What you need to do:
Go through the records below and copy out every line that contains the word "auch".

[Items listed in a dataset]
==*==
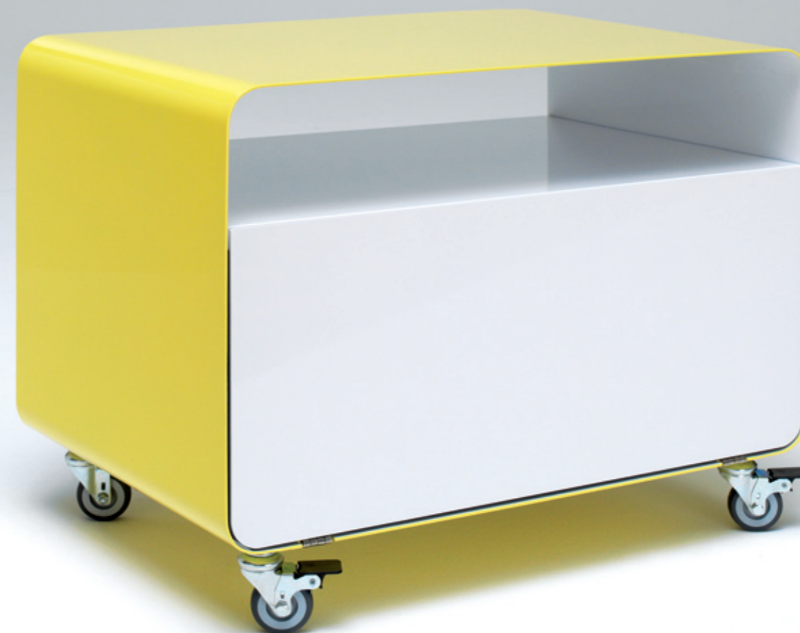
ROLLWAGEN RW 107-2 h: 46_ b: 60_ t: 40 (cm)
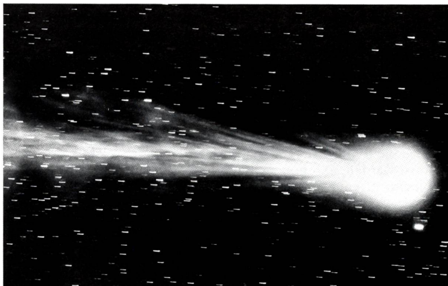
Der Halley'sche Komet in Erdnähe

Nach diesem Exkurs in die Dimension des Ökonomischen wenden wir uns nun dem poli-
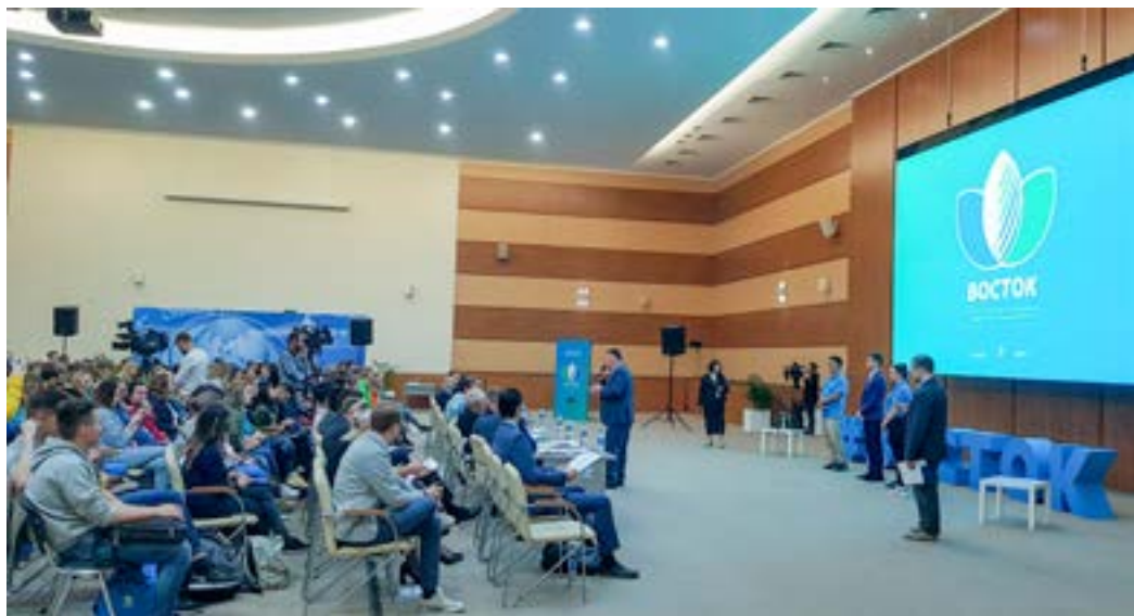
Защита коммерческих проектов.

«Заповедники онлайн» — это мультимедийная общедоступная база данных заповедников, национальных парков и заказников Хабаровского края. База данных для будущих пользователей будет представлена в виде сайта с разделами, где будет собрана подробная информация об особо охраняемых природных территориях, включая фото и видеоконтент, карты и другие мультимедийные материалы. Данный краеведческий электронный ресурс будет разработан с целью повышения экологического просвещения молодёжи и повышения интереса к заповедным территориям Хабаровского края. Сайт «Заповедники онлайн» будет запущен к июню 2020 года.
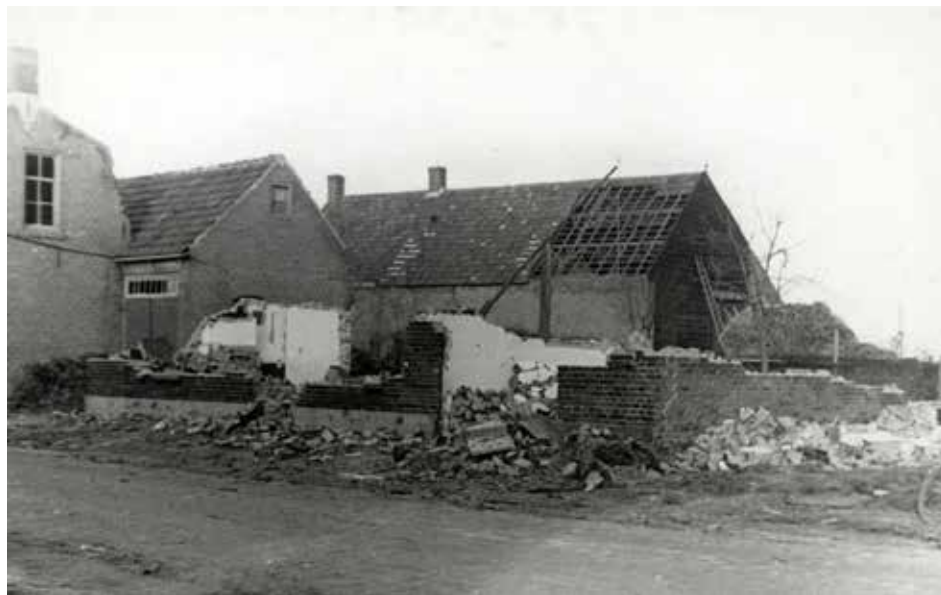
VERWOESTE HUIZEN IN MADE, 1944-45

De aanval op Made wordt over een breedfront uitgevoerd door een Pools-Britse gevechtsgroep met pantserwagens, tanks, bren-gun carriers met zware machinegewe-
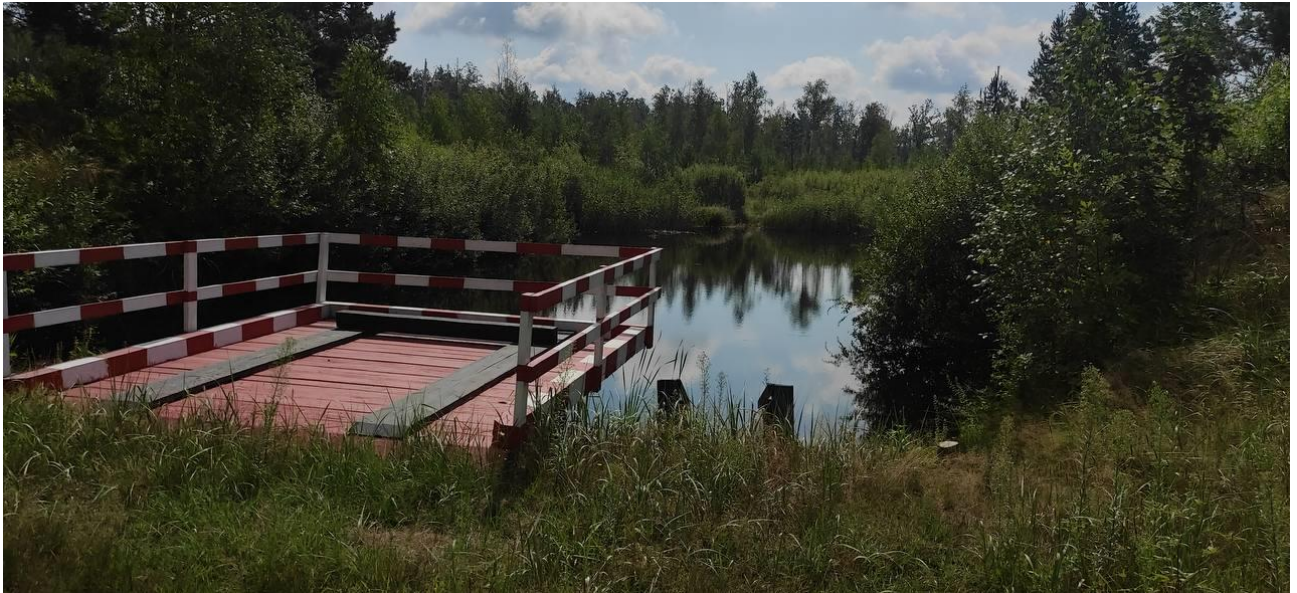
Рис.4.4 пожежна водойма для забору води

На рис. 4.4–4.6 представлено інвентар та засоби для гасіння лісових пожеж.
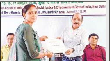
कार्यक्रम में प्रमाण पत्र वितरित करते संस्थापक।

कस्बा स्थित कमला सेवा समिति मुसाफिरखाना में शुक्रवार को तीन दिवसीय सतत पुनर्वास कार्यक्रम का समापन हुआ। कार्यक्रम में
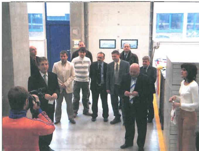
Bylo stříženo, nyní krátký proslov. Ten kameraman je z GENUS TV.
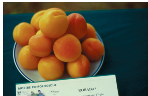
Fig. 24. Robada: cultivar californiana di recente costituzione, di grossa pezzatura, colorazione rossa ed elevata consistenza della polpa.

La selezione clonale di P. armeniaca Manicot® 1236 è sicuramente da suggerire in so-
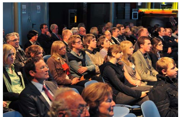
Im Publikum waren sowohl Manager/innen als auch Auszubildende und Schüler/innen vertreten.
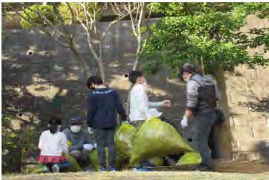
皆さんと一斉清掃
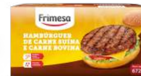
Hamburguesa de Carne de Cerdo y Carne Bovina - Hambúrguer 672g Cód. 084144
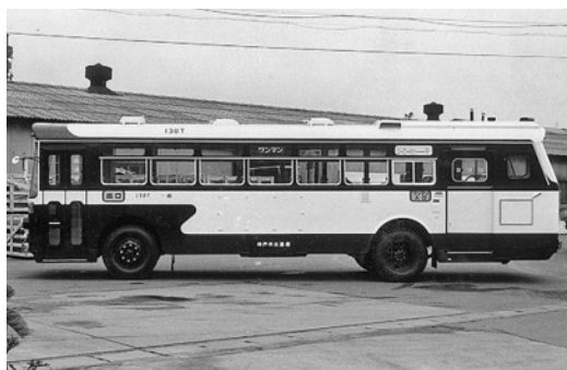
ふそうMR410 昭和48年式 西日本車体
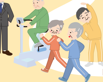
[心筋梗塞・心不全になった人] リハビリテーション・ 日常生活指導
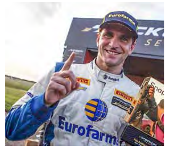
Barrichello e Serra são dois candidatos ao título em Interlagos neste fim de semana pela Stock Car
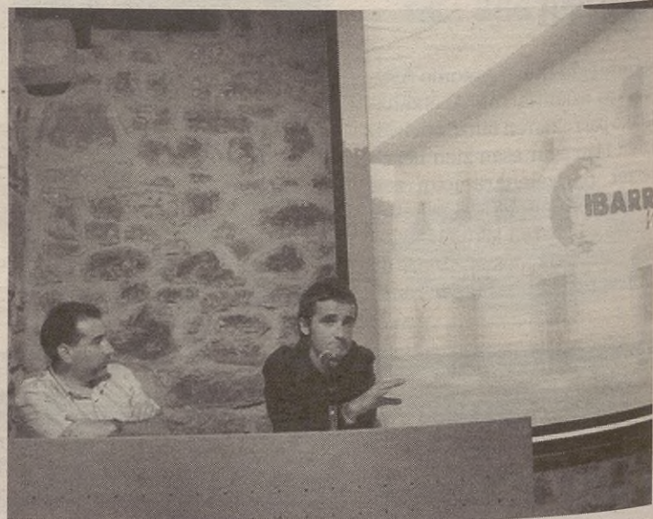
Argazkian, DVDaren aurkezpena, Ibarraundi museoaren inaugurazioan.

Aipatutako DVDaz gain, Ibarraundiko logoa daukaten elastikoak, bitxiak eta bestelakoak daude salgai museoan. Are gehiago, ibarreko eta Euskal Herriaren gaineko turismo informazioa ematen dute.
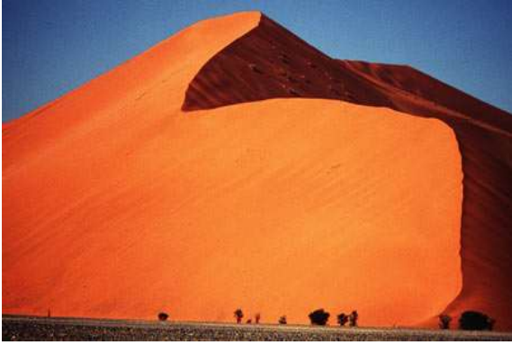
Desert del Namib, Namíbia
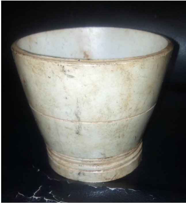
ለሙሽሪት የሚሰጥ የሙሽሪ ዋንጫ 08/08/2013ዓ.ም
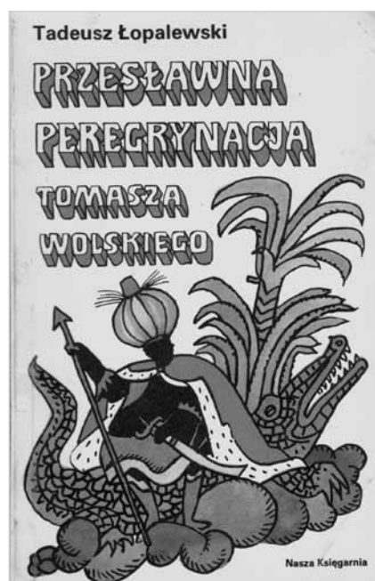
Przednia okładka III wyd. książki T. Łopalewskiego, Przesławna peregrynacja Tomasza Wolskiego z 1978 r.
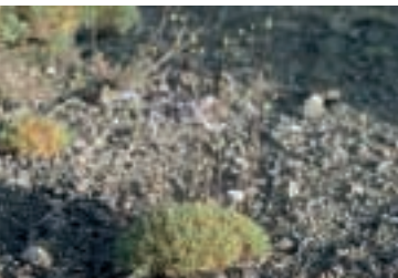
Arenaria pseudacantholimon Bornm.
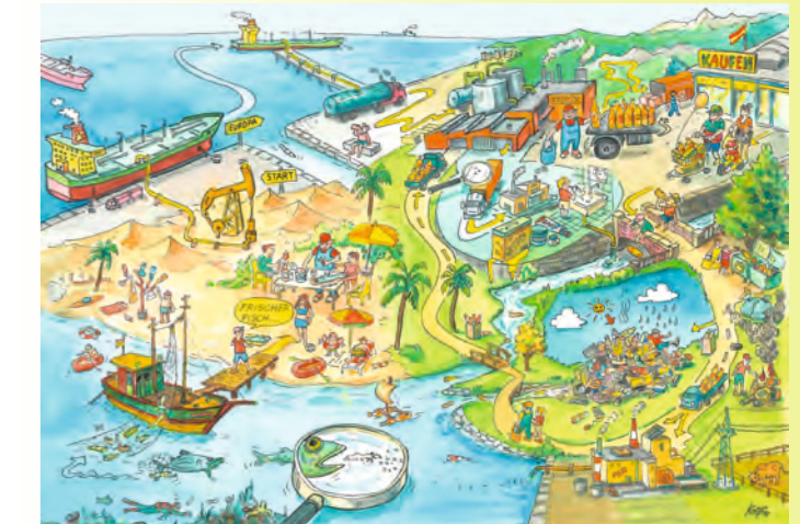
Diese kleine Bild kann dir als Vorlage zum Ausmalen dienen

Zu den Fleisch- oder Allesfressern gehören auch wir Menschen. Das Mikroplastik, das seinen Weg ins Meer findet, gelangt in unsere Nahrung. Fische, die Mikroplastik und die damit verbundenen Giftstoffe in sich aufgenommen haben, kommen über den Lebensmittelhandel auf unsere Teller – nachdem sie mit dem LKW oft durch halb Europa transportiert wurden (Reifenabrieb). Wenn wir diese Fische essen, konsumieren wir mit diesen auch Mikroplastik und die Giftstoffe, die an diesem anhaften.
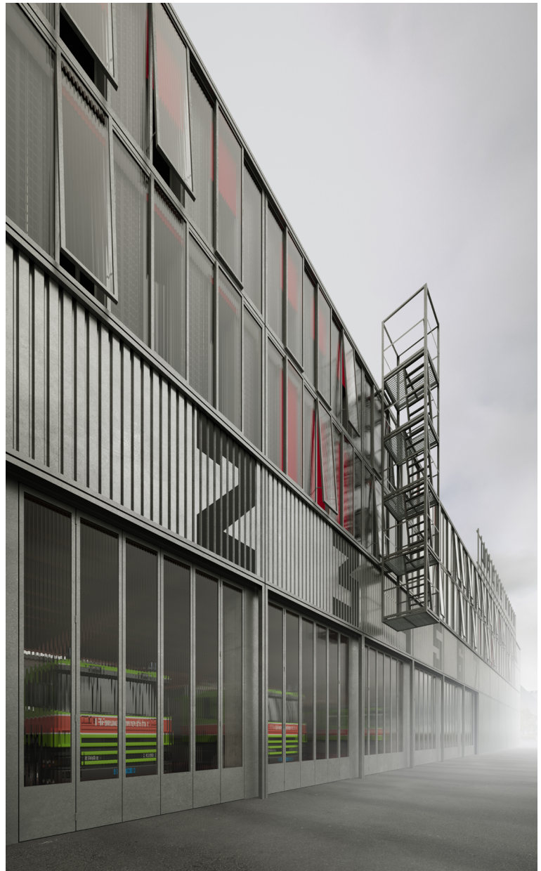
Wache Nord Zürich, 2017 – Immobilien Stadt Zürich 1. Preis, selektiver Wettbewerb
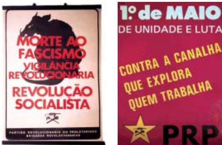
Fig. 10 - A invectiva a nível verbal e iconográfico. Saliento que a silhueta do rato, entendida como metáfora iconográfica do fascismo, é um motivo copiado de uma serigrafia de um cartaz francês relativo aos acontecimentos de Maio de 1968 ( Vermine Fasciste. Action Civique ). Este cartaz é duplamente relevante, porque não só é demonstrativo da possibilidade de se desenvolverem invectivas a nível iconográfico, como também das influências estéticas subjacentes à produção cartazística do pós 25 de Abril.

GASQUET, Vasco – Les 500 Affiches du Mai de 68 . Paris, Balland, 1979.
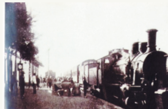
1904年6月,胶济铁路张博支线全线贯通,图为张博支线张店站。
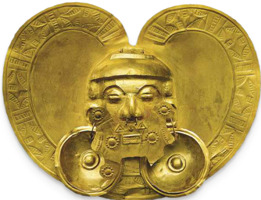
Kolumbien glänzt! In der Region Calima entstand die Brustplatte mit Gesicht aus einer Goldlegierung Seite 56
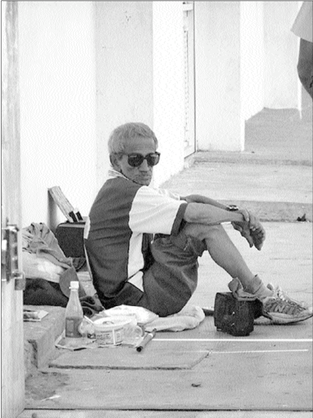
Residente (T. Martínez y Panamá)
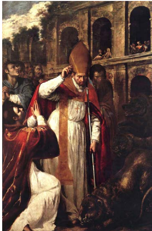
FIGURA 4. Martiri de sant Gener a l'amfiteatre de Pozzuoli, d'Artemisia Gentileschi, 1636 (Nàpols, Galleria Nazionale di Capodimonte)
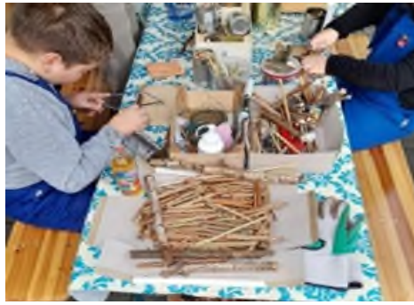
NABU-Aktion auf dem Lauterbornfest. Plakatankündigung Lauterbornfest.

Glücksrad des Caritasverbands erfreute sich großer Beliebtheit. In lockerer Atmosphäre kamen die Menschen ins Gespräch und die Resonanz des Festes war sehr positiv, ebenso das Feedback der Standbetreibenden.
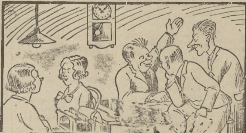
У этих саботажников зернопоставок нашлись смягчающие обстоятельства. Какие? Сердобольный прокурор и мягкий судья.
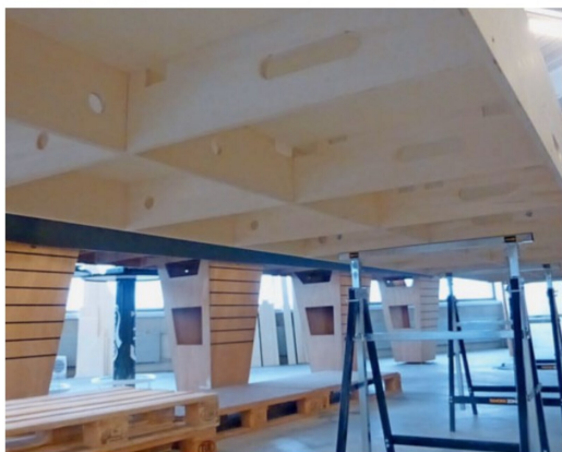
Der Blick auf die Unterseite der Segmente des neuen Abstellbahnhofs.
==*==
Solution:
Im Publikum waren sowohl Manager/innen als auch Auszubildende und Schüler/innen vertreten.
Zu den Fleisch- oder Allesfressern gehören auch wir Menschen. Das Mikroplastik, das seinen Weg ins Meer findet, gelangt in unsere Nahrung. Fische, die Mikroplastik und die damit verbundenen Giftstoffe in sich aufgenommen haben, kommen über den Lebensmittelhandel auf unsere Teller – nachdem sie mit dem LKW oft durch halb Europa transportiert wurden (Reifenabrieb). Wenn wir diese Fische essen, konsumieren wir mit diesen auch Mikroplastik und die Giftstoffe, die an diesem anhaften.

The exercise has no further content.